I emerged depleted from the windowless restroom wishing for cautionary tape to cover the door. I remembered back to my mother’s attempts to comfort me as a child when Psoriasis, my other incredibly sexy autoimmune skin disorder, left my body an eruption of red scaly patches, and a ripe canvas for the other children to pick on. “I wear glasses!” She’d said, “Everyone has their own things they wish they could change.” (Of course, just three years later I’d be saddled with a pair of my own prescription lenses.) Even as a child I knew glasses were far more socially acceptable than looking like a human pizza. But one thing was right about her dialogue. We are who we are, and people either accept us, or they don’t. 

And so came the explanations. The interconnections between the greasy ointment I rubbed into the small red patches on my limbs in the morning before pulling on clothes, and this weak stomach that reduces me to unspeakable actions. Carefully, I explained these things would never go away, there is no cure. Flinching, I promised this would be the first of many experiences dealing with my unruly immune system and its side effects. Then I braced myself for the response and subsequent pulling away, maybe not at first, but slowly, surely over time. A slow dwindling of texts and calls and visits until it was just me, alone in a bathroom, doubled over in pain and no one to love me.
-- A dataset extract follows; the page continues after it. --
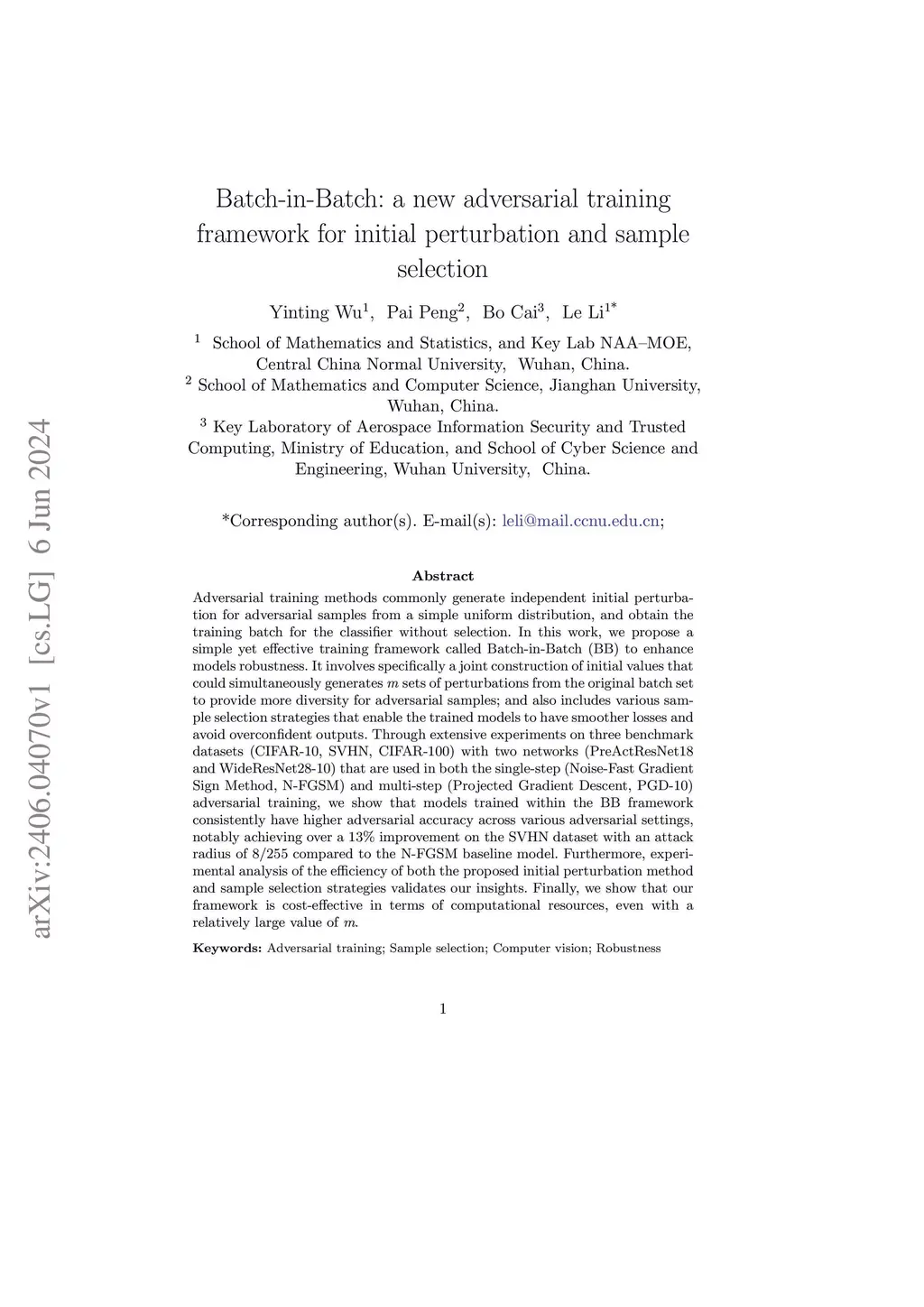 Adversarial training methods commonly generate independent initial perturbation for adversarial samples from a simple uniform distribution, and obtain the training batch for the classifier without selection. In this work, we propose a simple yet effective training framework called Batch-in-Batch (BB) to enhance models robustness. It involves specifically a joint construction of initial values that could simultaneously generates sets of perturbations from the original batch set to provide more diversity for adversarial samples; and also includes various sample selection strategies that enable the trained models to have smoother losses and avoid overconfident outputs. Through extensive experiments on three benchmark datasets (CIFAR-10, SVHN, CIFAR-100) with two networks (PreActResNet18 and WideResNet28-10) that are used in both the single-step (Noise-Fast Gradient Sign Method, N-FGSM) and multi-step (Projected Gradient Descent, PGD-10) adversarial training, we show that models trained within the BB framework consistently have higher adversarial accuracy across various adversarial settings, notably achieving over a 13% improvement on the SVHN dataset with an attack radius of 8/255 compared to the N-FGSM baseline model. Furthermore, experimental analysis of the efficiency of both the proposed initial perturbation method and sample selection strategies validates our insights. Finally, we show that our framework is cost-effective in terms of computational resources, even with a relatively large value of .

But instead he said, “is that all ? Okay ” And we continued on with our day. And then we continued on with the day after that.  
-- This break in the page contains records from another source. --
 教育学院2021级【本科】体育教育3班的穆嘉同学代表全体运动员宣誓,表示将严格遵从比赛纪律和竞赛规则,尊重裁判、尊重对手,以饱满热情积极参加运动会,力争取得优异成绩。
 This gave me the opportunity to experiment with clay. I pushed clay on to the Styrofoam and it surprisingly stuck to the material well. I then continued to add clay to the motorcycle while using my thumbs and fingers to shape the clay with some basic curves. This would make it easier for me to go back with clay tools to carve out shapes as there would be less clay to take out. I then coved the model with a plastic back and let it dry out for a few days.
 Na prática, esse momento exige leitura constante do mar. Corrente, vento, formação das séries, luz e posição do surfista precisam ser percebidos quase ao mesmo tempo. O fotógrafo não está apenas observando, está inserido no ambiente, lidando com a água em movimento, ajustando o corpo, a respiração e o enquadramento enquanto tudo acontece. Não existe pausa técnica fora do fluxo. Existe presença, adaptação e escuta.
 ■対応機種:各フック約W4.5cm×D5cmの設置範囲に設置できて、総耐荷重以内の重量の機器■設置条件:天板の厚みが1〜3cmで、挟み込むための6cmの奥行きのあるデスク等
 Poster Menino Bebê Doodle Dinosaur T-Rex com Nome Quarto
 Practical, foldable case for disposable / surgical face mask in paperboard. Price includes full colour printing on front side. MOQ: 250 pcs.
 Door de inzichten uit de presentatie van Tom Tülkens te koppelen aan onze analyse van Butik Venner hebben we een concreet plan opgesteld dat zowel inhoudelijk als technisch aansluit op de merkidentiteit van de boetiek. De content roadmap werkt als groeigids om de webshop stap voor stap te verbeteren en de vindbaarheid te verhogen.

Three years later we are married, living Uptown in the same apartment I was deathly afraid to use the bathroom in. He is beside me as I write this. Many times this husband of mine has rubbed my belly, ran a hot bath to soak in, brought tea in bed when my body is ravaged with the other effects of my IBS, which include extreme exhaustion, a fuzzy brain and achy limbs. Every few weeks he blends a new concoction of coconut oil and Shea butter and when I’m lucky, massages it into my skin when the weather turns and the dry patches flare. My health has given him ways to give to me, and has brought us close as partners, and best friends. We still eat brunch out, still share stories and dreams aloud, wake up to each other’s faces and laugh a whole lot. In fact, as I’m searching for a title for this piece he jokes, “shitty relationship?” Mystery is overrated. People either accept you, or they don’t. And as it turns out, I am still cool to him, after all.